Step-by-step explanation:

To find the number of photons required to raise the temperature of 1.00 cm³ of flesh to 100°C and evaporate it using a carbon dioxide laser emitting infrared radiation with a wavelength of 10.6 μm, you can use the following steps:

Calculate the energy required to raise the temperature of 1.00 cm³ of flesh from its initial temperature to 100°C.

Calculate the energy required to vaporize the flesh at 100°C.

Find the total energy required.

Use the energy of a single photon at 10.6 μm to find the number of photons required.

Let's calculate it step by step:

Step 1: Calculate the energy required to raise the temperature.

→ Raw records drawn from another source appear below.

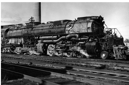
Union Pacific No. 4014 at Cheyenne circa 1958

In exchange for gifting of the locomotive to Union Pacific, the railroad promised Big Boy 4014 will "travel throughout the Union Pacific system for many years following its restoration and will be seen by millions of people."
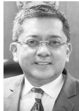
COMELEC Chairman George Erwin Garcia

TRECE MARTIRES CITY, Cavite (PIA) – The Bacoor City government and the Commission on Elections gathered key stakeholders in a joint security command conference ahead of the July 29, 2023 plebiscite that seeks to merge and reduce the number of Bacoor City's barangays.
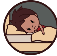
Not sleeping well
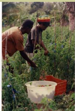
PRINCIPLE 6: Use Economic Instruments for Sustainable Environmental Management
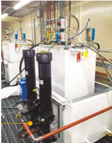
Hydraulic reservoirs with LMD 431 in-line duplex filters
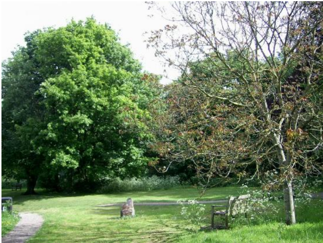
Cerizay Garden's, Site MO4

10.3 Situated to the east of the High Street, adjacent to Ongar Library this site is an area of informal green space which faces Pleasance Car Park and features Cerizay Gardens Playground, a petanque court, and a small area of informal green space which is well signed and offers a number of seats to enjoy the local surroundings. The site offers good access and allows visitors the opportunity to walk around the wooded area where the 12 th Century Ongar Castle once stood. The site is clearly well maintained and is clean, tidy and litter free.
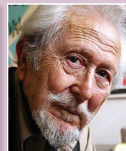
Gus Arriola ♥
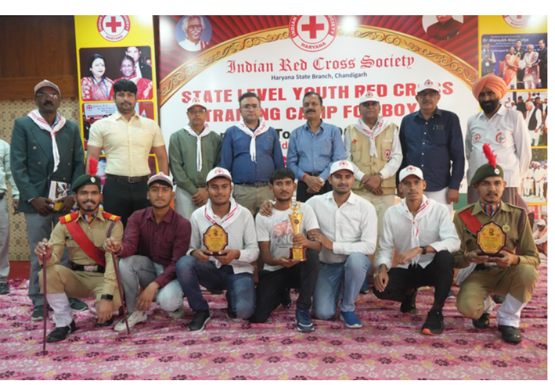
IRCS, Haryana State Branch organised State Level Youth Red Cross Training Camp for boys from 26th to 31st October, 2023 at Haridwar. 241 participants from 16 Universities and 23 Colleges of Haryana participated.
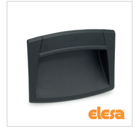
ELESA Original design EPR-PF
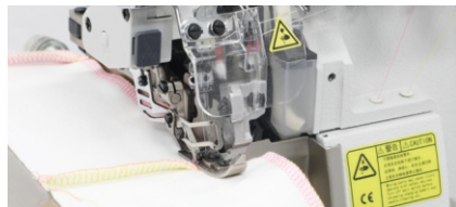
缝纫过程中速度一致, 过骨不减速, 保持平稳缝纫; without retarding when passing the seam, keep smoothly sewing
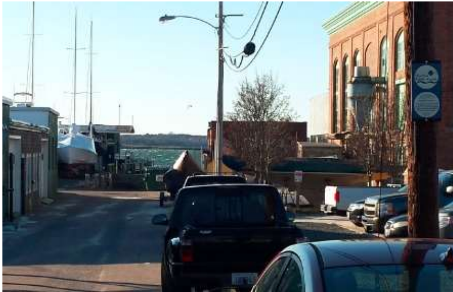
Z-23 Spring Wharf

Action today so future generations can enjoy ocean activities
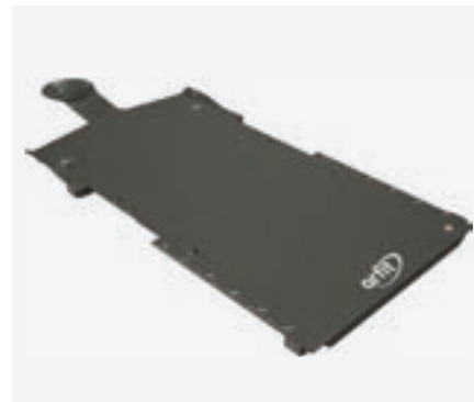
Art. N° 25000/26 Overlay Compatible with Elekta HexaPOD™ evo RT System (Art. N° 25000/26/HX)
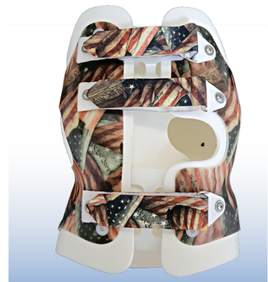
Soft TLSO Anterior Opening w/ External Frame (Soft Body Jacket)
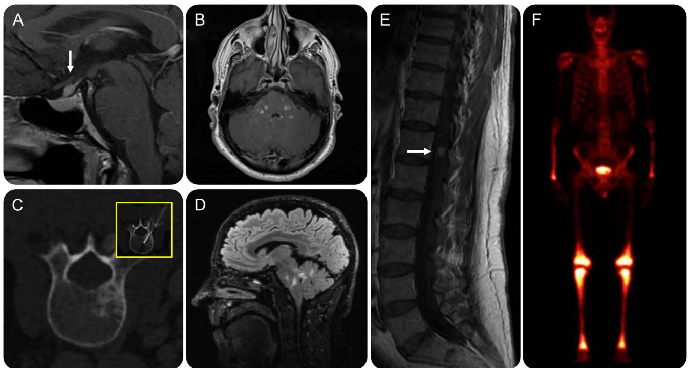
(A) Isolated infundibular lesion (arrow) causing diabetes insipidus at presentation. (B) Gadolinium-enhanced MRI scan of the brain; axial sections through pons show multiple enhancing lesions. (C) CT scan of spine shows isolated vertebral sclerotic lesion (biopsy shown was negative for lesional tissue). (D) Sagittal fluid-attenuated inversion recovery MRI of brain shows lesions distributed throughout the pons and cerebellum. (E) Enhancing lesion in cauda equina (white arrow). (F) Bone scan shows characteristic uptake in the long bones (femur, tibia).
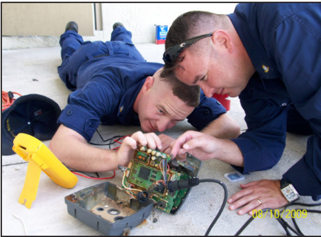
Seventh District Intelligence Specialists perform digital forensics on a GPS receiver to help the Florida Fish and Wildlife Conservation Commission in a boating fatality accident investigation.
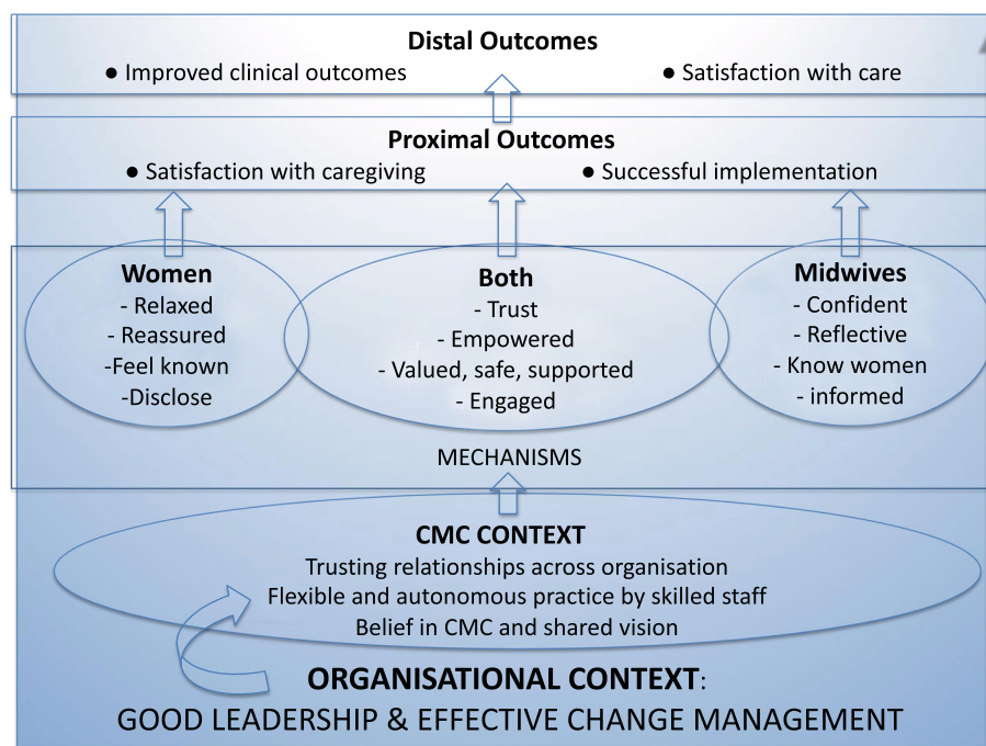
Fig. 2 Refined programme theory

Effective leadership is essential for developing trusting relationships, the context in which CMC flourishes. Trusting relationships are the foundation on which CMC is built and become the cement that holds it together over time. Relationships matter, not only because women want them, but because it is the woman-midwife relationship that triggers change in women’s behaviour [69] and midwives’ practice resulting in better outcomes and care giving experience. The importance of woman-midwife relationships are already recognised, as are the supportive, sustaining and enabling relationships between midwives within CMC teams [48]. However, our study also suggests that good leadership operating across
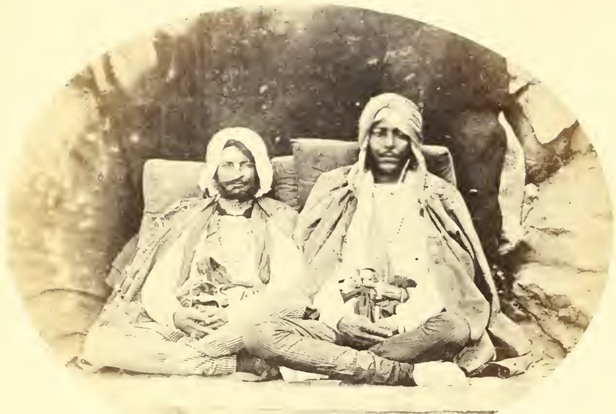
RAJPOOTS. KUTOCH AND PUTHANEEA. HINDOOS. TRANS-SUTLEJ STATES.
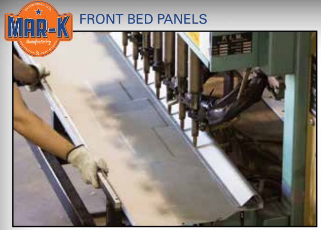
MAR-K<sup>™</sup> front bed panels for 67-72 Fleetside are spot welded on this machine. Custom built tools like this help us to make our parts accuately and efficiently.
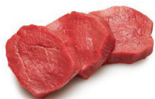
Gourmet King Steak Tenderized Inside Round
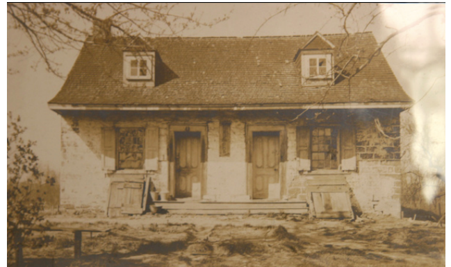
Demarest HS back then.

The heat energy required to raise the temperature of a substance can be calculated using the formula:

Q = mcΔT

Where:

Q = heat energy (in Joules)

m = mass (in kg)

c = specific heat capacity (for water or flesh, which is close to water, it's about 4.18 J/g°C)

ΔT = change in temperature (in °C)

Converting the mass from cm³ to grams:

1 cm³ = 1 gram

So, 1.00 cm³ = 1.00 g

Now, we convert grams to kilograms:

1.00 g = 0.001 kg

ΔT = 100°C - initial temperature (assumed to be 0°C) = 100°C

Q = (0.001 kg) * (4.18 J/g°C) * (100°C) = 0.418 J

Step 2: Calculate the energy required to vaporize the flesh.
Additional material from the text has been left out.